Week 5 — Filling In (9/20–24)

This week introduces one new statistical concept — the hypothesis test — and is otherwise about practice and solidifying concepts. I’m also going to take a step back and give some more context to some of the things we’re talking about.

Our learning outcomes are:

  • Compute and interpret hypothesis test

  • Avoid p-hacking and HARKing

  • Understand how to read and interpret Python errors

  • Understand how the quantitative techniques we are learning in this class fit in a broader landscape of epistemologies

🧐 Content Overview

Element Length

🎥 Comparing Distributions


🎥 Testing Hypotheses


🎥 T-tests


🎥 Epistemology


🎥 Python Errors


🎥 Python Libraries


🎥 Learning More


This week has 1h14m of video and 0 words of assigned readings. This week’s videos are available in a Panopto folder and as a podcast.

📅 Deadlines

  • Week 5 Quiz is due on Thursday at 8AM.

  • Assignment 2 is due on Sunday, Sep. 26 at 11:59 PM.

  • Midterm A is next week, on Tuesday, Sep. 28.

📓 Assignment 1 Solution

I will post the Assignment 1 solution to Canvas (sorry, I’m not posting it to the entire Internet).

📃 Course Glossary

If you haven’t yet, I highly recommend consulting the course glossary. Please post on Piazza if you have suggested additions!

The midterm is also likely to be useful in studying for the exam.

📓 Writing Functions

I’ve used Python functions in a few of my example notebooks.
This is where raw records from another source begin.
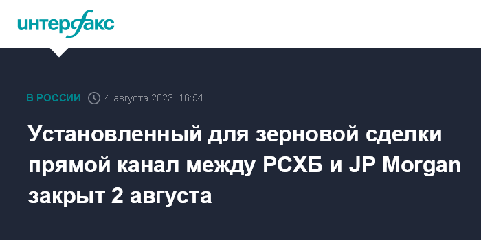 Установленный для зерновой сделки прямой канал между РСХБ и JP Morgan закрыт 2 августа
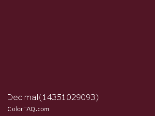 Decimal 14351029093 Color is a very dark rose color and the nearest color is Cocoa Bean #481c1c. Hex code #511525 and RGB value is rgb(81,21,37). In RGB color space, this color is composed of 32% red, 8% green, 15% blue, In CMYK color space, this color is composed of 0% cyan, 74% magenta, 54% yellow , 68% black , In HSL color space, this color has a hue angle of 344° , 59% saturation and 20% lightness.
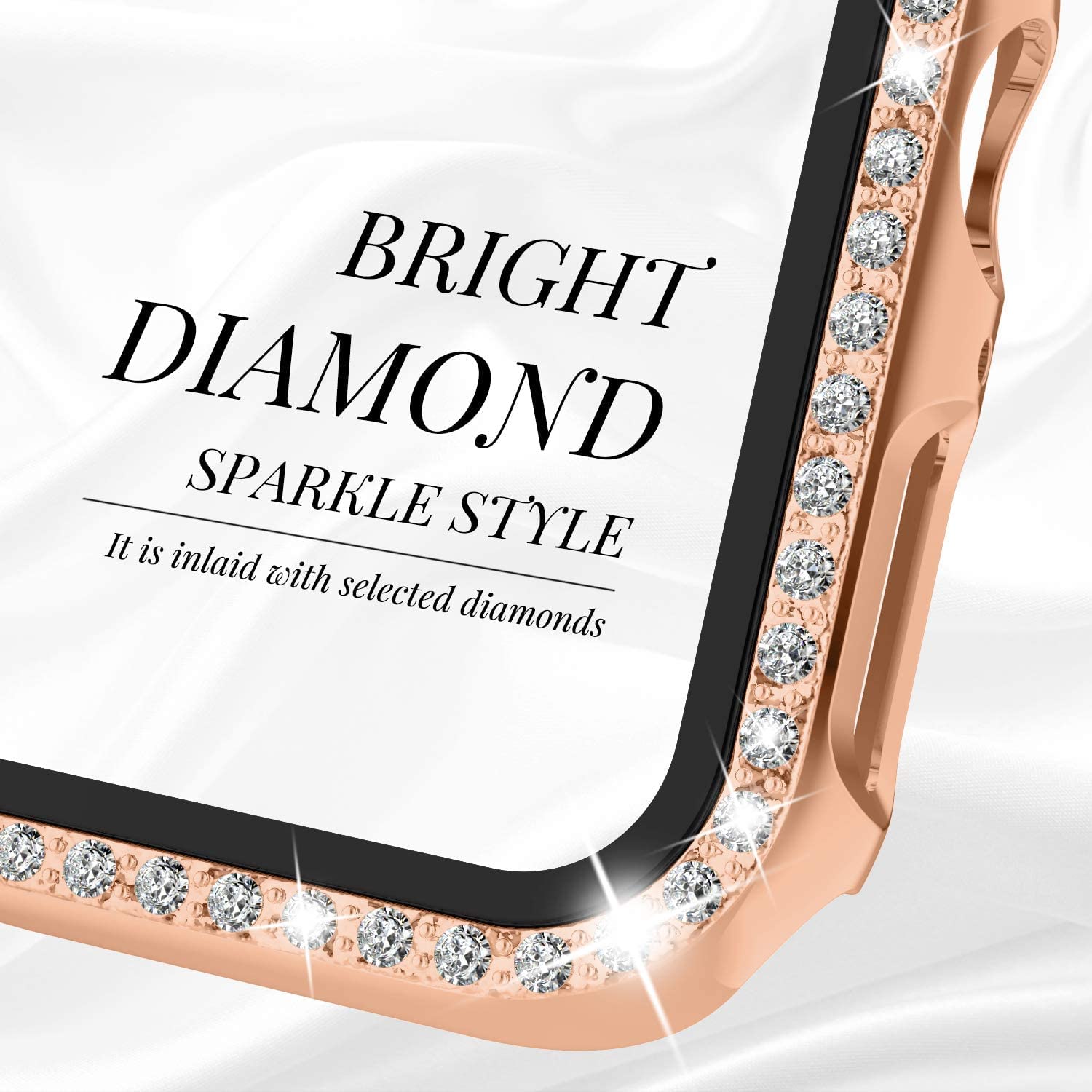 FOLX FAB26 Apple Diamond Watch Case with Glass Screen Protector Compatible with Apple iWatch Series 7/6/5/4/3/2/1/SE, Bling Crystal Diamond Rhinestone for Women Girls iWatch (42MM, Rose Gold)
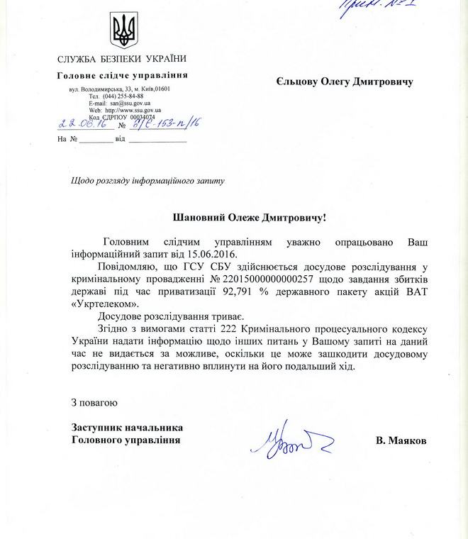 А первой про расследование дела о растрате 220 млн. гривен госбюджета на создание спецсвязи в 2014 году заявило СБУ. Сегодня же СБУ проводит следствие в криминальном производстве № 22015000000000257 от 02.09.2015 по части 2 ст. 364 Уголовного Кодекса Украины (злоупотребление служебным положением) по факту приватизации 92,791% госпакета акций ОАО «Укртелеком» по заниженной стоимости. Впрочем, реальных следственных действий спецслужба не ведет. Это подтверждает и формальный ответ на мой информационный запрос в СБУ по сути уголовного расследования. Все покрыто мраком тайны следствия, так сказать. Что здорово помогает скрывать собственную бездеятельность. Кроме того, в Едином реестре судебных решений нет ни одного решения по запросу следствия СБУ, касающегося компании ЕСУ. Зато есть около двух десятков решений суда на запросы следователей прокуратуры на проведение оперативно-розыскных мероприятий, доступ к базам данных операторов мобильной связи и к документам государственных банков, выдавших компании ЕСУ миллиардные кредиты без возврата...
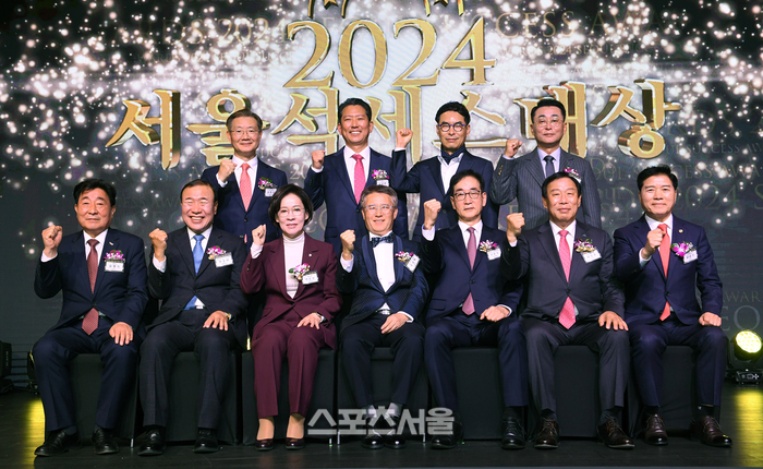 25일 서울 중구 그랜드 하얏트 서울 호텔에서 진행된 ‘제16회 서울 석세스대상’에서 정치-사회 부문 수상자들이 기념촬영을 하고 있다. (윗줄 왼쪽 부터) 손희식 굿모닝경제 대표, 기초행정대상 김장호 구미시장, 안희선 서울STV 대표, 이존백 스포츠서울 대표, (아랫줄 왼쪽부터)기초행정대상 김명기 횡성군수, 한상대 집행위원장, 의정대상 이인선 국회의원, 김상혁 굿모닝미디어그룹 회장, 이준식 조직위원장, 광역행정대상 최민호 세종자치특별시장, ESG환경대상 김경안 새만금개발청장.
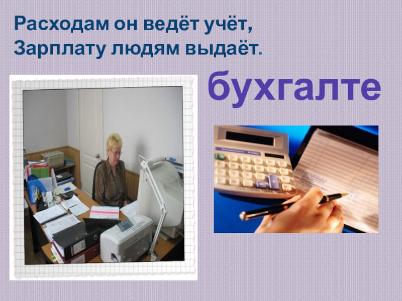Расходам он ведёт учёт,Зарплату людям выдаёт.бухгалтер
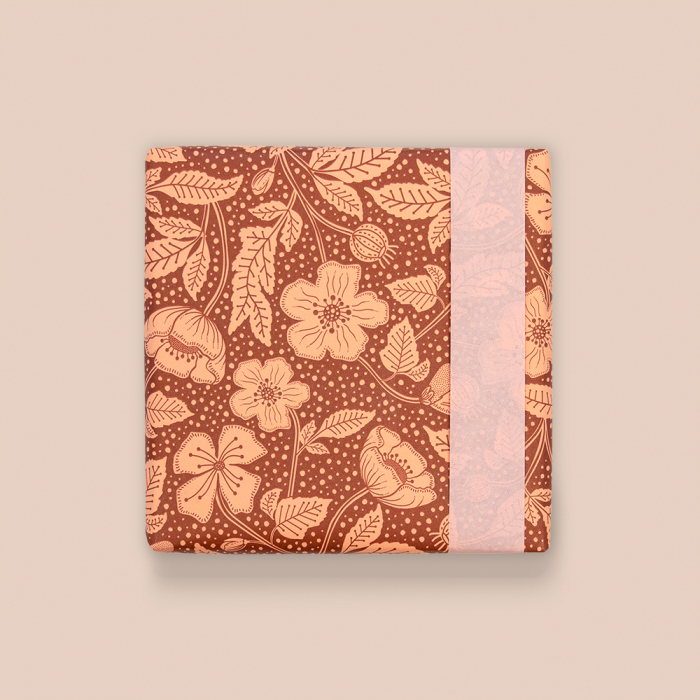 et dessin toont bloemen en bladeren in warme tonale kleuren bruin en oranje. De lichtroze achterzijde geeft een subtiele, elegante finishing touch. Het stevige papier rolt soepel af en is ideaal voor dagelijks gebruik in je winkel of webshop. Perfect voor het inpakken van cadeaupakketten, bloemen of romantische geschenken.
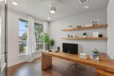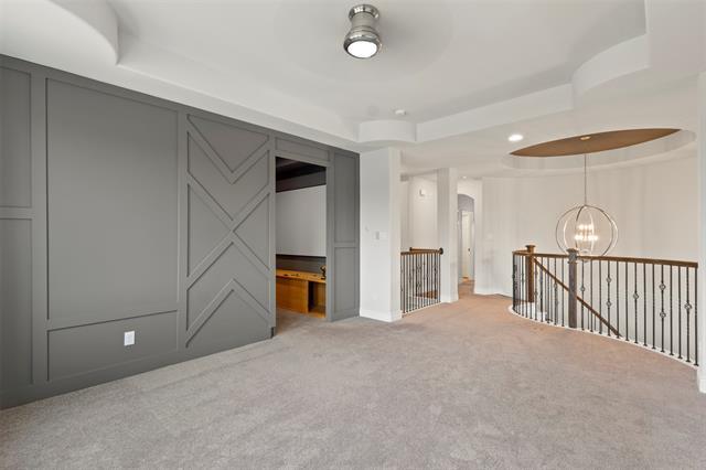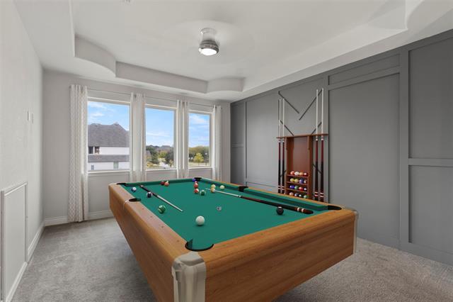 Experience exceptional living in this stunning home situated on a desirable corner lot right across from the community amenity center. Located in the heart of Frisco, you’ll enjoy quick access to major highways, top-rated schools, retail, dining, and entertainment. This thoughtfully designed home features 4 spacious bedrooms, including the primary suite and guest suite conveniently located on the first floor, plus 3 full bathrooms and walk-in closets in every bedroom. Upon entry, the grand foyer welcomes you with soaring ceilings and a dedicated office complete with built-in desk and shelving. The open-concept living room showcases a stone fireplace, large windows filling the home with natural light, and a surround sound system. The gourmet kitchen is a showstopper, offering modern finishes throughout, including shiplap detailing at the breakfast bar, a kitchen island, luxury countertops and backsplash, gas cooktop, stainless steel appliances, and a beautiful view of the backyard pool. The primary suite is a true retreat with tall windows, a shiplap accent wall, and a spa-inspired bathroom featuring dual sinks, a garden tub, and a walk-in shower with dual shower head, including a rain shower. The custom-designed closet offers ample space, built-ins, and a mounted LED mirror, with direct access to the laundry room for ultimate convenience. Upstairs, enjoy a spacious game room, a hidden-door media room, and two additional bedrooms with access to a full bathroom. Step outside to your private backyard oasis, complete with a sparkling pool and spa, fully equipped outdoor kitchen featuring a brick oven, gas grill, sink, fridge, and ample counter space. The covered patio provides shade for year-round enjoyment, and there’s still plenty of green space for pets or kids to play. Residents also enjoy amazing community amenities, including front yard maintenance, a fitness center, resort-style pool, and multiple parks. This Frisco gem features your dream lifestyle!

The function notebook talks more about them, how to write them, and how to use them.

🎥 Comparing Distributions

This video describes how to use Q-Q plots to compare data against a distribution.

🎥 Testing Hypotheses

💥 Cartoon

Read XKCD #882: Significant.

This is called p-hacking: running tests until we find one that is significant.

🎥 T-tests

This video discusses the t-test in more detail, and the different kinds of t-tests that we can run. It also introduces degrees of freedom.

🎥 Epistemology

In this video, I talk about how the quantitative data science methods we are learning fit into a broader picture of source of knowledge.

🚩 Week 5 Quiz

The Week 5 quiz is about material through this point. The subsequent videos are to help you better understand and contextualize material.

📓 One Sample Notebook

The One Sample notebook demonstrates how to compute a one-sample t-test, and draw a Q-Q plot to compare a distribution with normal.


🎥 Python Errors

This video discusses common Python errors and how to read errors.

🎥 Python Libraries

🎥 Learning More

In this video I talk about how I go about expanding my own data science knowledge and techniques, with the goal of giving you ideas for how you can continue learning beyond this class.

✅ Practice

There are a few things you can do to keep practicing the material:

  • The HETREC data contains two data sets besides the movie data: Delicious bookmarks and Last.FM listening records. Download this data set and apply some of our exploratory techniques to it.

  • Download the SBA data from Week 4’s activity and describe the distributions of more of the variables.

  • Apply the inference techniques from Week 4 to statistically test the differences you observed in Assignment 1.

📓 More Examples

Some more examples from my own work (these are not all cleaned up to our checklist standards):

📓 Tutorials

The tutorial notebooks include many useful things, and have a couple of additions moved over from 📅 Week 4 — Inference (9/13–17).

📩 Assignment 2

Assignment 2 is due on September 26.